[Collected data entries]
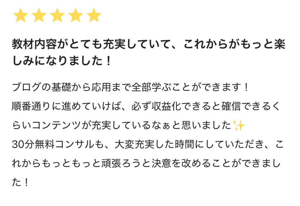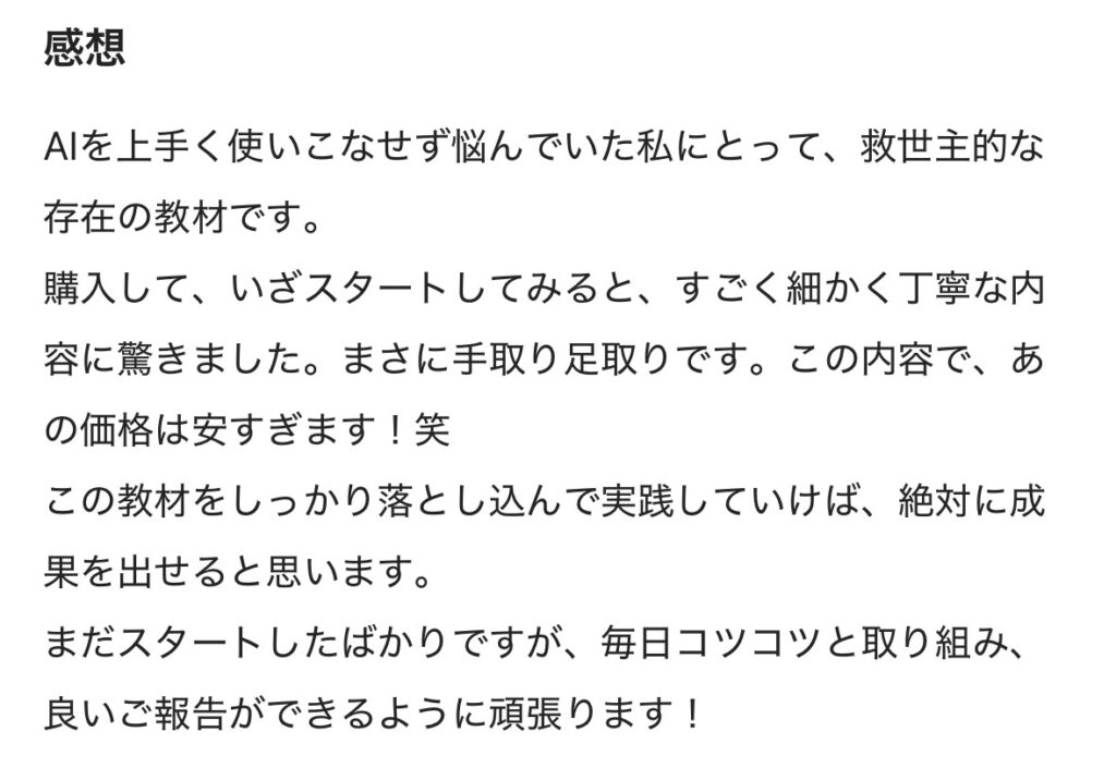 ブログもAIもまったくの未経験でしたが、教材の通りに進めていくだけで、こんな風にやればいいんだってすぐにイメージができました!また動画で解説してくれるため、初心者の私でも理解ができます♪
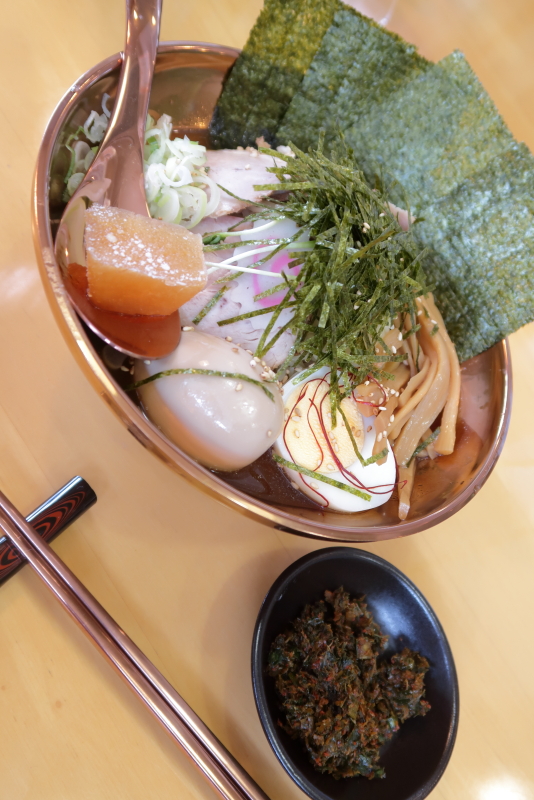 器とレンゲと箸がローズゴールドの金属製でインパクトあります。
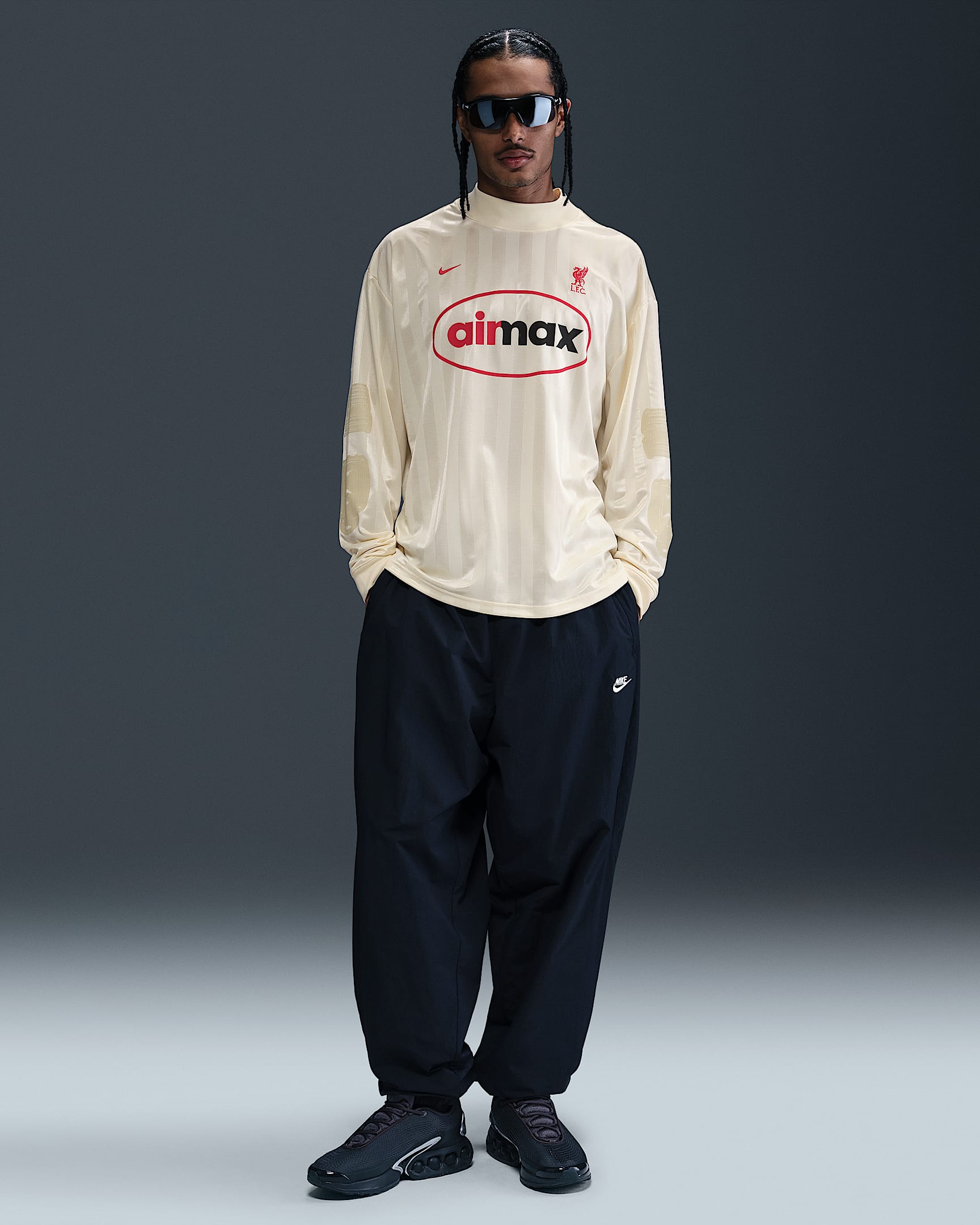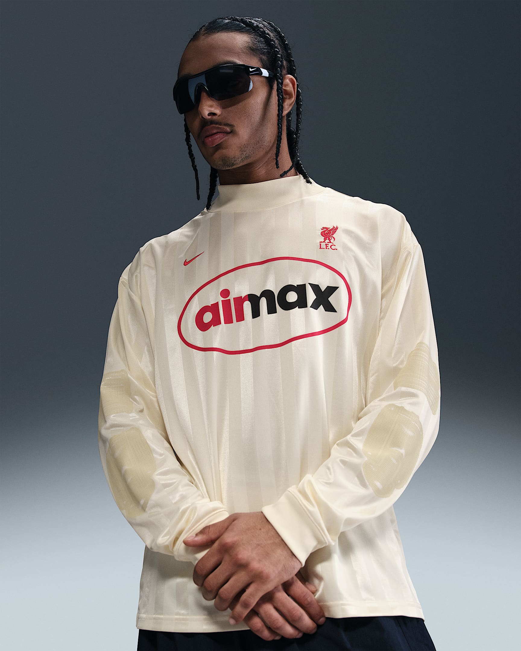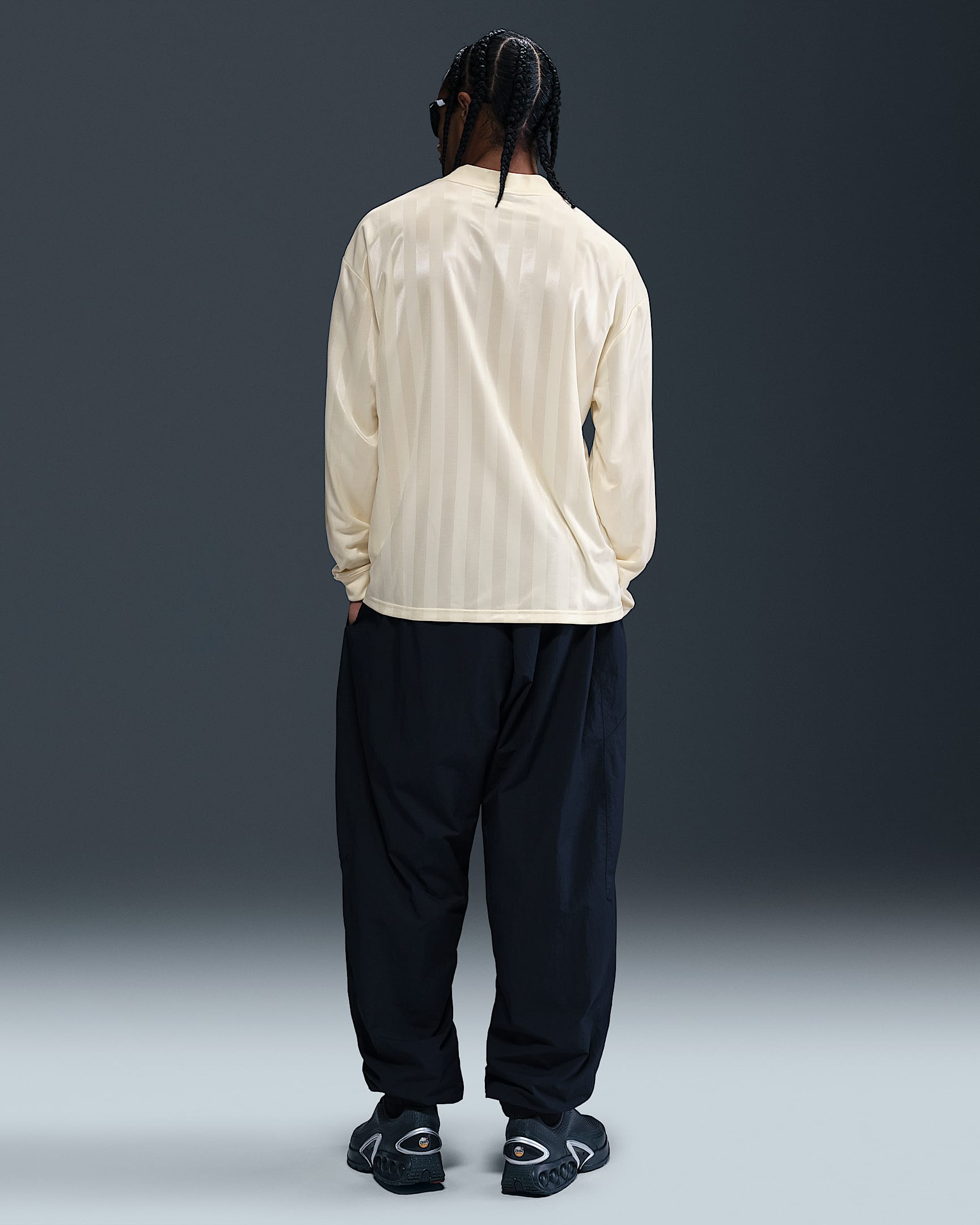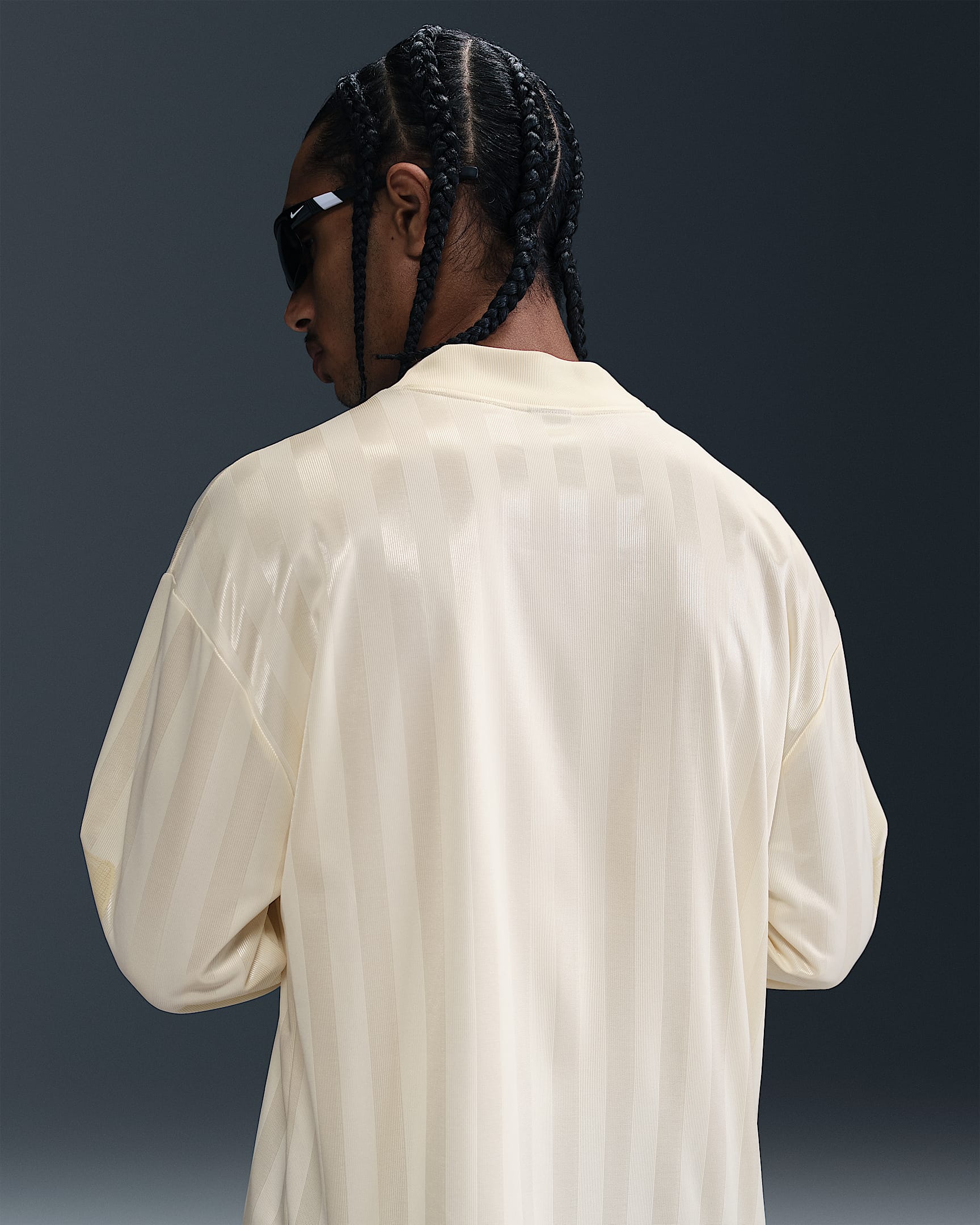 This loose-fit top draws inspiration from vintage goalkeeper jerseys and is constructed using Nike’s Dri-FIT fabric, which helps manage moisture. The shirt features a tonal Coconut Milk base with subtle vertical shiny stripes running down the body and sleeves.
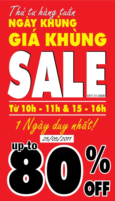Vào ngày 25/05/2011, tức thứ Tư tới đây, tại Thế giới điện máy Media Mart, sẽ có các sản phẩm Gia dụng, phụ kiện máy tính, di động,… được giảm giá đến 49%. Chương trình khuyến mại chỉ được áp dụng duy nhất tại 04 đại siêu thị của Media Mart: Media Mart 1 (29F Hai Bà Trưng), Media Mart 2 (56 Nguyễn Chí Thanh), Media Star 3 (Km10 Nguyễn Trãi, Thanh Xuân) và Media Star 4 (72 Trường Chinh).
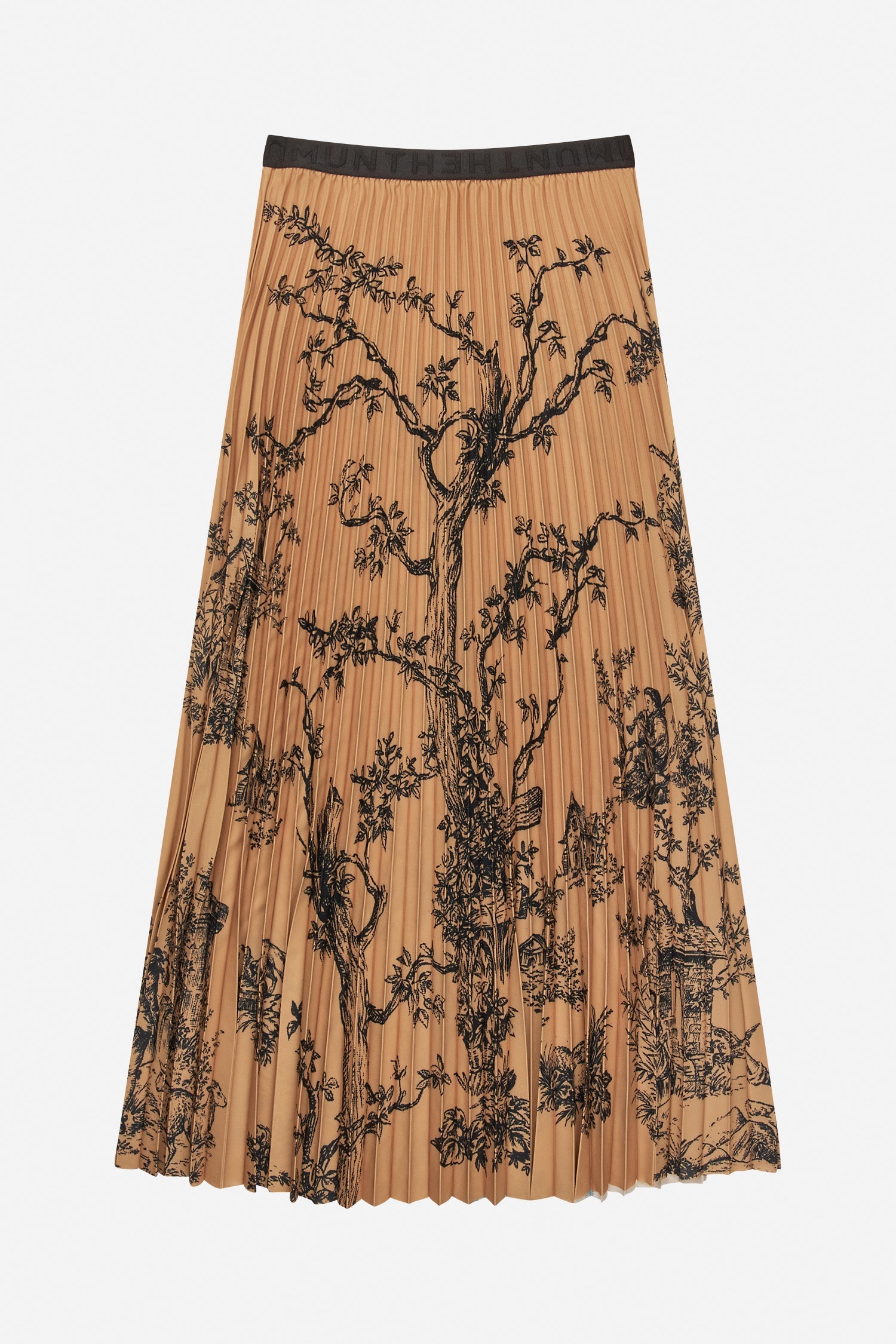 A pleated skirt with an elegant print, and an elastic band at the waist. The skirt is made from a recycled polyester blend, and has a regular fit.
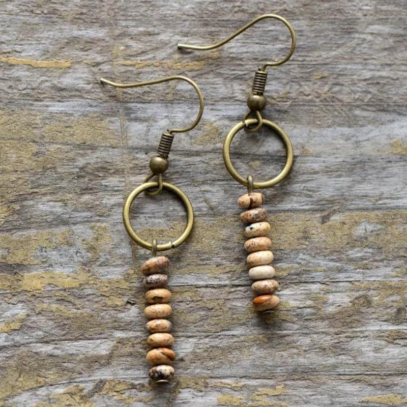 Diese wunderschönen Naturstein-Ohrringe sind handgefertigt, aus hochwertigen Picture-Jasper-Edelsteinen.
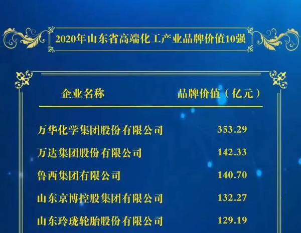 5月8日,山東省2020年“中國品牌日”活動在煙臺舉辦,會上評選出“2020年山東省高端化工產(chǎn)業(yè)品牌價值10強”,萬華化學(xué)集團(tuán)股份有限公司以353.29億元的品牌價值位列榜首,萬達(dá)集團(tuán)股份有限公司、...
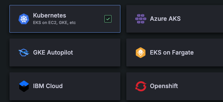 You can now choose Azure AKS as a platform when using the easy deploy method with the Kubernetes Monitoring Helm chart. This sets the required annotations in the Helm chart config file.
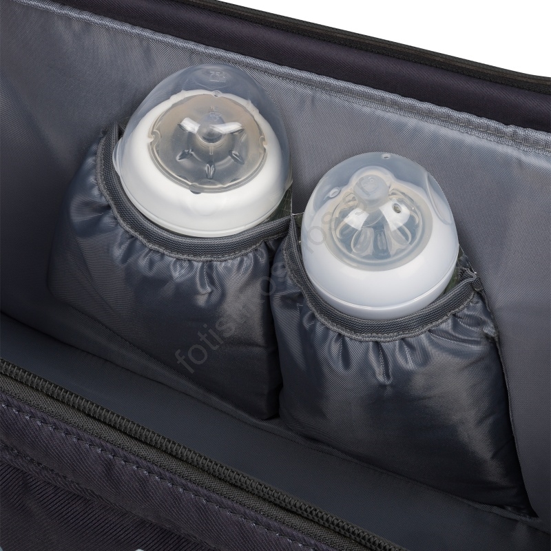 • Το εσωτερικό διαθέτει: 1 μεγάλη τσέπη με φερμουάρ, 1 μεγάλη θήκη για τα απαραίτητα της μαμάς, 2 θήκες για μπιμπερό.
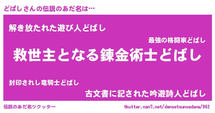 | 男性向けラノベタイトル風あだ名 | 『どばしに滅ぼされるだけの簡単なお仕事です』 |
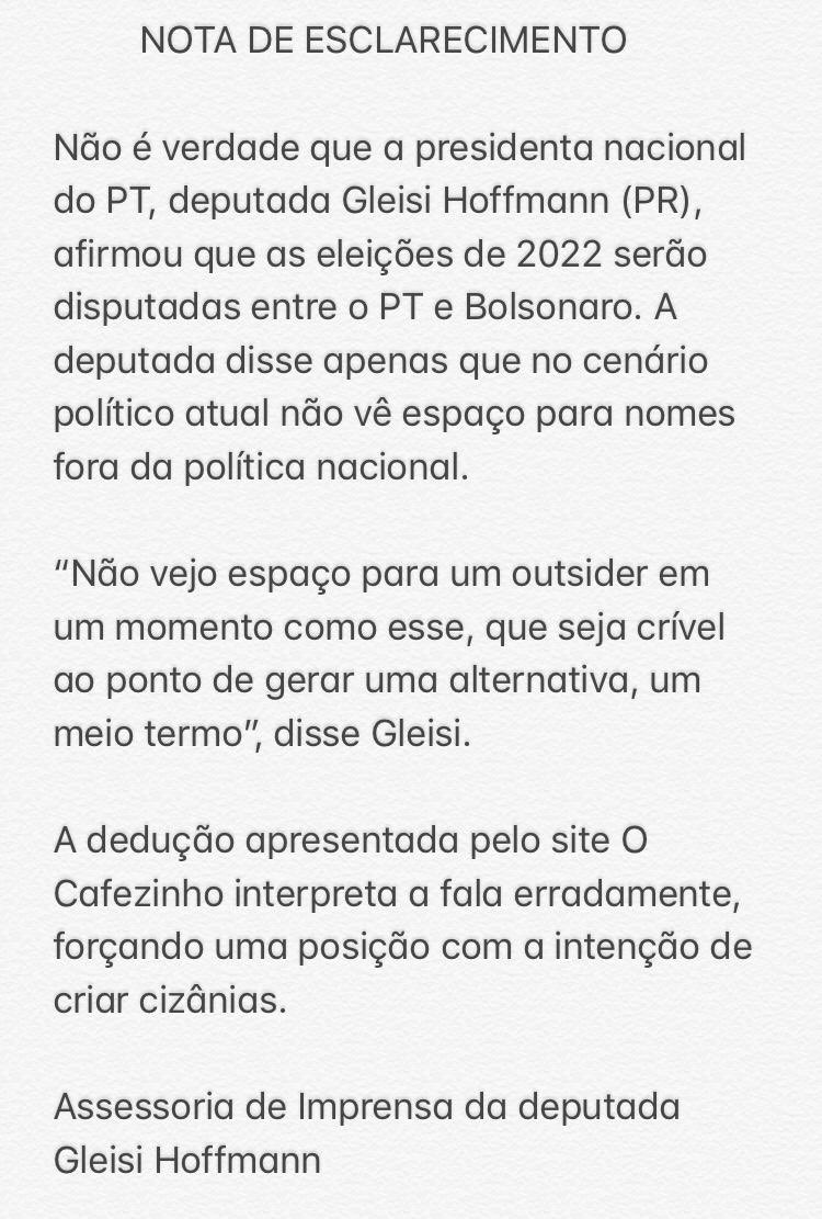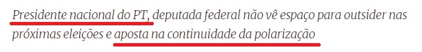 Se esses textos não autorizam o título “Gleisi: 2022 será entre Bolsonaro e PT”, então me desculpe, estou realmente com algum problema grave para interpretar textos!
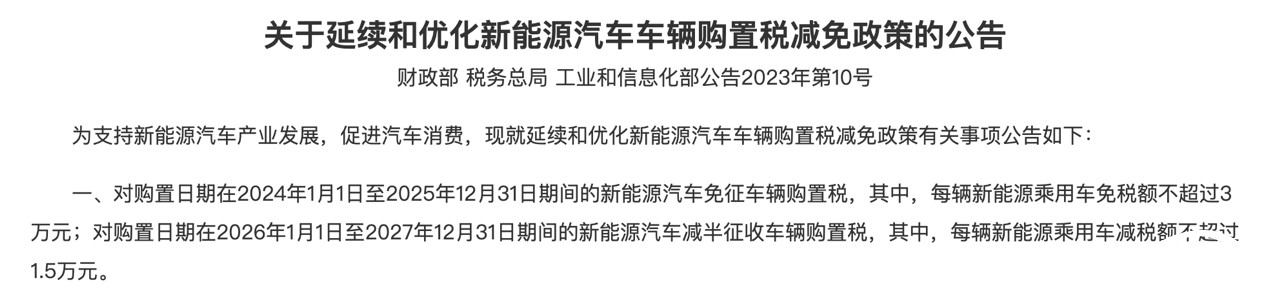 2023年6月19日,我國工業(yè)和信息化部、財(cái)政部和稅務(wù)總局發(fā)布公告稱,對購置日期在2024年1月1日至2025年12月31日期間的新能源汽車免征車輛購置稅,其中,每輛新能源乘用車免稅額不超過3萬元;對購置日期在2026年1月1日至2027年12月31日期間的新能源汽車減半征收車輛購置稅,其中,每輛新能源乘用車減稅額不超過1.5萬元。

> **Task statement**
An exact copy is needed of the stretch above that opens with the line containing "器とレンゲと箸がローズゴールドの金属製でインパクトあります。" and closes with the line containing "Vào ngày 25/05/2011, tức"; the pictures are not part of it.

> **Result for this exercise**
 器とレンゲと箸がローズゴールドの金属製でインパクトあります。
 This loose-fit top draws inspiration from vintage goalkeeper jerseys and is constructed using Nike’s Dri-FIT fabric, which helps manage moisture. The shirt features a tonal Coconut Milk base with subtle vertical shiny stripes running down the body and sleeves.
Vào ngày 25/05/2011, tức thứ Tư tới đây, tại Thế giới điện máy Media Mart, sẽ có các sản phẩm Gia dụng, phụ kiện máy tính, di động,… được giảm giá đến 49%. Chương trình khuyến mại chỉ được áp dụng duy nhất tại 04 đại siêu thị của Media Mart: Media Mart 1 (29F Hai Bà Trưng), Media Mart 2 (56 Nguyễn Chí Thanh), Media Star 3 (Km10 Nguyễn Trãi, Thanh Xuân) và Media Star 4 (72 Trường Chinh).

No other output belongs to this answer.